China days and trusting God

So this is kind of how my day went.  And this is how I know God not only knows me better than I know myself, but also has some sense of humor.

7:30 am  Wake up, make coffee, put in some email work, and shove oatmeal in my mouth while I talk to my sister and my parents in Arizona on skype, listen to the plans for their trip to China, and begin to ache and miss something of home.

10:15 am  Meet with my tutor, intending to study the newspaper, but the conversation inevitably drifts to faith and life.  She tells me about how she is so self-reliant that others often assume she doesn’t need anyone (sound familiar?), and tells me this verse gave her to conviction and the courage to share her weaknesses with others:

On behalf of such a one I will not boast, but on my own behalf I will not boast, except of my own weaknesses.  –2 Corinthians 12:5

I remember being awe of her boldness and God’s work in her life, rather speechless, and feeling a bit far away from God myself.

Nanning juxtaposition.

2:00 pm  Meet with a friend from Hong Kong who is moving away for a few months.  We talk about disabled kids and she tells me about a group of families who are living in community and supporting one another- I can’t wait to meet them!  She compliments me on my Mandarin, and as I order us two cups of Vietnamese coffee, I think, I’m not so bad at this.

4:00 pm  I meet with a reporter to speak about my life as a foreign scholar in China, and I feel at a total loss for words.  I speak completely un-eloquently about our life here, it all comes out in flat landscapes, stereotypes, and childlike sentences.  I’m so embarassed and defeated.  I call up my husband and complain that after a year and a half here I’m a total failure.
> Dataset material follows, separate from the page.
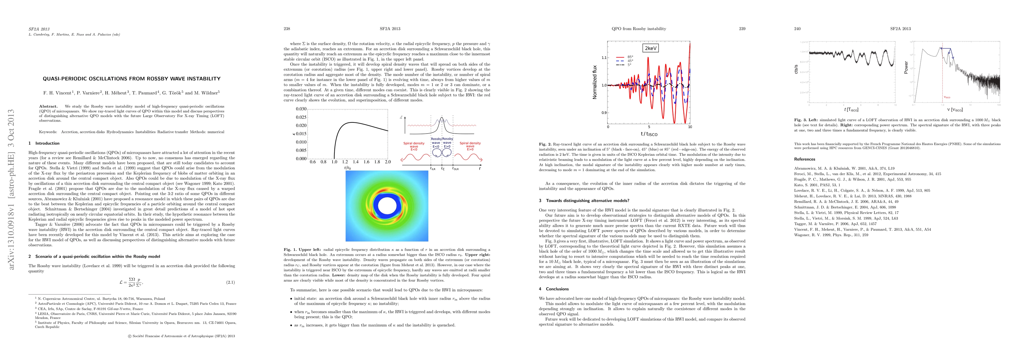 This paper investigates the Rossby wave instability model to explain high-frequency quasi-periodic oscillations (QPO) in microquasars, presenting ray-traced light curves and discussing how future observations from LOFT could help distinguish this model from alternatives.

Life along the Yong River.

5:30 pm  I jump in the shower with tears in my eyes, and wait for the bus for twenty minutes.  Finally, I take a rickshaw to go meet my friend in the height of heavy traffic.  The disabled woman driving chatters on with a thick bai hua accent about how excellent my Mandarin is, and though I’ve just experienced a complete lack of confidence, I find her joy genuine and contagious.  When I step out on the curb, I want to give her a hug.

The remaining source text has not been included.